Start of Material for this exercise

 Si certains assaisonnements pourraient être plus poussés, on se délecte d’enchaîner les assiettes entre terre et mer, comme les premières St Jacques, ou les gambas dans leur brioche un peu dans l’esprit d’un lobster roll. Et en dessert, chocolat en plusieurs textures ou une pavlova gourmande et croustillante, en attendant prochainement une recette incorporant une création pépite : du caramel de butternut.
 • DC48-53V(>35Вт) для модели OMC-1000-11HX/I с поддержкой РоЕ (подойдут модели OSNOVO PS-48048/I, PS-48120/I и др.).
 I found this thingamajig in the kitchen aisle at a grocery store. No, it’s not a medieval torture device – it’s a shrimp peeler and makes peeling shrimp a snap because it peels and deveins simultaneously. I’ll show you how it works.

End of Material for this exercise
Start of Material for this exercise

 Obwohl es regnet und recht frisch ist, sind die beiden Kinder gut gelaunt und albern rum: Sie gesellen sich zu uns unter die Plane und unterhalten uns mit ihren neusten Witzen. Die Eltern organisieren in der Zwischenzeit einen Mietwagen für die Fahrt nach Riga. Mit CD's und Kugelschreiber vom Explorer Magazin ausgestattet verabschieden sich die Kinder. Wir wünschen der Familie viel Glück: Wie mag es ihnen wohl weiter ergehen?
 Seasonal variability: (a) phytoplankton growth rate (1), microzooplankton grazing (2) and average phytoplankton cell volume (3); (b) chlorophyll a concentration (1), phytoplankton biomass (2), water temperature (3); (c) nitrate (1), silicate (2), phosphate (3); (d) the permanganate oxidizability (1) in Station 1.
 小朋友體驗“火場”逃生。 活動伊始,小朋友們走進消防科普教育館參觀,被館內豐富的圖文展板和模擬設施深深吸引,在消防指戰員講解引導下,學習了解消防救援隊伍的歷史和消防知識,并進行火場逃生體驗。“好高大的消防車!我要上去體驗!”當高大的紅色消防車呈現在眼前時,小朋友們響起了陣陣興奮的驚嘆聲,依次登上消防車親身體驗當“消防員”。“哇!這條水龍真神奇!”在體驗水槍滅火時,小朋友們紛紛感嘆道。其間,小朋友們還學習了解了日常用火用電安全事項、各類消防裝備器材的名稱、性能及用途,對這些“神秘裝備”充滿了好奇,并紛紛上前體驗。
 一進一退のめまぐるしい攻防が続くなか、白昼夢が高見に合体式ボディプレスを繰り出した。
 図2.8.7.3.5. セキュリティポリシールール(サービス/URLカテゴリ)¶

End of Material for this exercise

**Exercise brief:** Please, from the material above, copy only the lines from the line with "Seasonal variability: (a)" up to and including the line with "図2.8.7.3.5. セキ", exactly as written.

**Exercise result:**
 Seasonal variability: (a) phytoplankton growth rate (1), microzooplankton grazing (2) and average phytoplankton cell volume (3); (b) chlorophyll a concentration (1), phytoplankton biomass (2), water temperature (3); (c) nitrate (1), silicate (2), phosphate (3); (d) the permanganate oxidizability (1) in Station 1.
 小朋友體驗“火場”逃生。 活動伊始,小朋友們走進消防科普教育館參觀,被館內豐富的圖文展板和模擬設施深深吸引,在消防指戰員講解引導下,學習了解消防救援隊伍的歷史和消防知識,并進行火場逃生體驗。“好高大的消防車!我要上去體驗!”當高大的紅色消防車呈現在眼前時,小朋友們響起了陣陣興奮的驚嘆聲,依次登上消防車親身體驗當“消防員”。“哇!這條水龍真神奇!”在體驗水槍滅火時,小朋友們紛紛感嘆道。其間,小朋友們還學習了解了日常用火用電安全事項、各類消防裝備器材的名稱、性能及用途,對這些“神秘裝備”充滿了好奇,并紛紛上前體驗。
 一進一退のめまぐるしい攻防が続くなか、白昼夢が高見に合体式ボディプレスを繰り出した。
 図2.8.7.3.5. セキュリティポリシールール(サービス/URLカテゴリ)¶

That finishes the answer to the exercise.